Editorial Article: How new portable technology is redefining the agrohydrological sector

Discover the near-infrared spectrometer that reveals hidden information about plant-water relationships to inform irrigation scheduling

04 Sep 2020

AgrHySMo logo

In this exclusive interview, we speak with Dr. Giovanni Rallo, an associate professor in the Department of Agricultural, Food and Agro-Environmental Sciences at the University of Pisa, to learn how the AgroHydrological Sensing and Modeling (AgrHySMo) laboratory uses the ASD FieldSpec 4 Standard-Res Spectroradiometer from Malvern Panalytical to reveal hidden information about plant-water relationships.

What are the overall aims of the AgrHySMo Lab?

The AgrHySMo lab harmonizes the three pillars of knowledge (research, application, and teaching) with the aim of transferring these to the irrigation industry and higher education sectors. Therefore, our research is always motivated to address critical societal needs through technological advances. Moreover, our work can be applied for drought mitigation and converging social crises concerning the use of water resources. The integration of such “Third Mission” activities with agronomic-based research sectors addresses the question of optimal irrigation management, including how to manage existing water stress with the most modern water-saving strategies, as opposed to finding out how to avoid it.

For this purpose, all suggested technologies for scheduling irrigation are associated with feed-forward and feed-back control irrigation protocols. With feed-forward protocols, the crop water requirements are simulated by agrohydrological or spectral models. With feed-back control of irrigation, the farmer maintains the soil-crop water status within a certain pre-defined range and acquires an awareness of this status through ordinary and spectral sensor systems, at the local or distributed scale.

AgrHySMo Team

The team at AgrHySMo Lab (L to R: Giovanni Rallo, Àngela Puig-Sirera and Andrea Sbrana) follows six integrated research lines aimed to develop smart systems and innovative protocols for irrigation water resource management at the micro- and mesoscale.

What projects are the AgrHySMo Lab working on at the moment?

The AgrHySMo Lab has six research lines aimed to develop smart systems and innovative protocols for water resource management at the micro and mesoscale. Two of these projects are at the frontier of the agrohydrological sector.

At the moment, the laboratory is running a project focusing on my invention, the ATMOSMART – a system for the determination of the real evapotranspiration of a vegetated surface (patents WO2019244057A1; IT201800006477A1). One new advancement of ATMOSMART involves the implementation of micro-mechatronics elements developed by Prof. Vishnu Sundaresan of the Integrated Material Systems Laboratory, University of Ohio.

Another facet of this research regards the application of field spectroscopy to perform very fine vegetation water status monitoring protocols. For this research line, we aim to estimate the vegetation water potential components and the pressure-volume curve parameters on intact olive vegetative organs.

The aim is to combine these two projects to define a sophisticated device for determining the precise irrigation amount using the ATMOSMART and the precise irrigation timing with the hyperspectral spectroradiometer. The latter should be considered as a crucial and innovative step to estimate the plant water status and particularly the vegetation water potential and its components. These measurements represent important variables implicated in crop-water relationships and have potential in wider investigations related to irrigation scheduling and drought monitoring. 

How do you use the ASD FieldSpec 4 Standard-Res Spectroradiometer?

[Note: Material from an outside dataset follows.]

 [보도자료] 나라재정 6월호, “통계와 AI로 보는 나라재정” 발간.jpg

This is a powerful tool to estimate the vegetation water status as well as the components of water potential

The high performance of the FieldSpec 4 allows for the characterization of more detailed spectral features, including the minor changes in the shape or position of a peak, which helps to reveal hidden information that can explain the physical properties of a plant. In particular, the active dynamic changes in the equilibrium of plant water potential components (osmotic and turgor water potentials) that are frequently recognized in olive trees, can be evaluated through the analysis of the leaf spectral signature. This is a powerful tool to estimate the vegetation water status as well as the components of water potential. Moreover, the proposed methodology can be practically applied for studies related to plant-water relationships, irrigation scheduling, and drought monitoring.

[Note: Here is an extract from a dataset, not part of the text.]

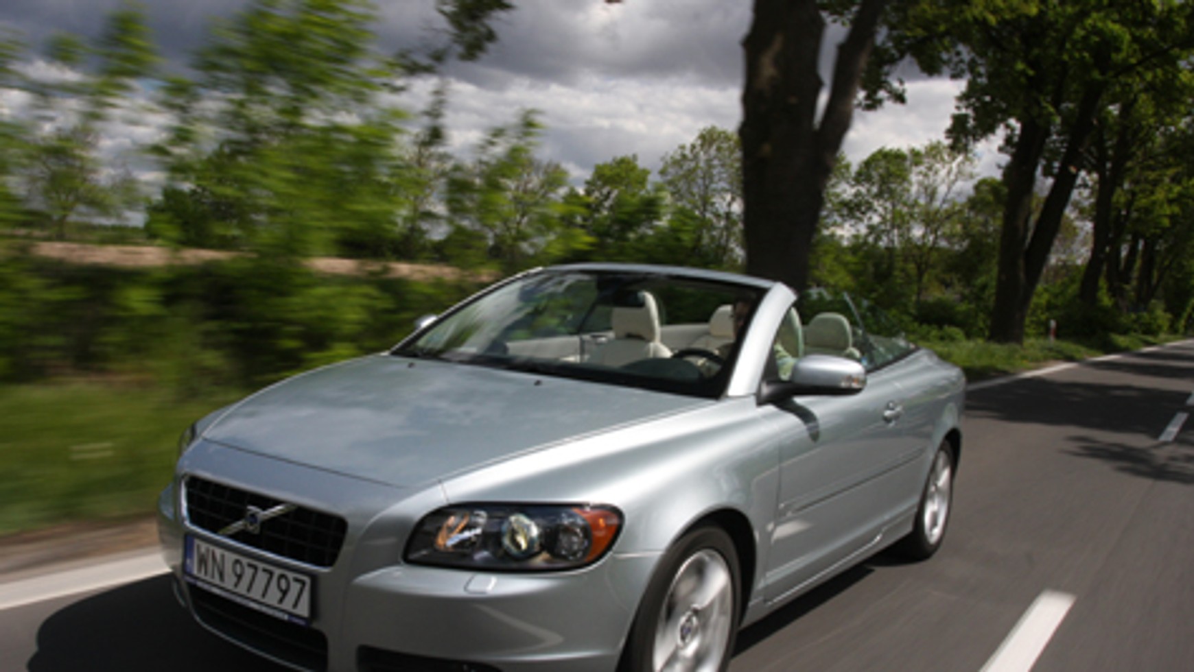 Szpan jest na tyle duży, że decydujemy się na razie dachu nie składać. Volvem C70 jedzie się przyjemnie, do ok. 100 km/h przednie siedzenia są świetnie osłonięte od wiatru. Dobre nagłośnienie nie przestaje być słyszalne, a wnętrze, choć ciasne, daje uczucie komfortu dzięki ładnemu skórzanemu wykończeniu. Denerwuje tylko kierownica, która jest niby skórzana, a jakby plastikowa. Po pierwszych kroplach deszczu zatrzymujemy się, rozkładamy dach (bo szkoda tapicerki) i zauważamy, że z wnętrza auta niewiele widać. Niski dach i słupki tak ograniczają widoczność, że łatwo o przeoczenie znaków drogowych.

Would you recommend the ASD FieldSpec 4?

Yes. The FieldSpec 4 is a very easy-to-use and powerful device that allows us to achieve reproducible results at a small (leaf) and large (canopy) scale. It is a very smart device for spectral acquisition at the leaf scale through the use of the contact probe and the ViewSpec software. The optimization phase of the radiation regime is very rapid and the quality of the spectra is excellent, with little noise or shift at the sensor's edge points. I recommend it for the high-accuracy spectral data. In my experience, I quantified very small variations in cell structural properties and water content of the olive leaf. Consequently, I enhanced my research quality and reached high-profile journals. The device allows water and energy cost-savings as a tool for water resource management.

What do you see for the future of agrohydrological research?

I can imagine that the next generation of farmers will be equipped with miniaturized spectroradiometers that, in synergy with an ATMOSMART, instruct a prompt and accurate irrigation decision support system.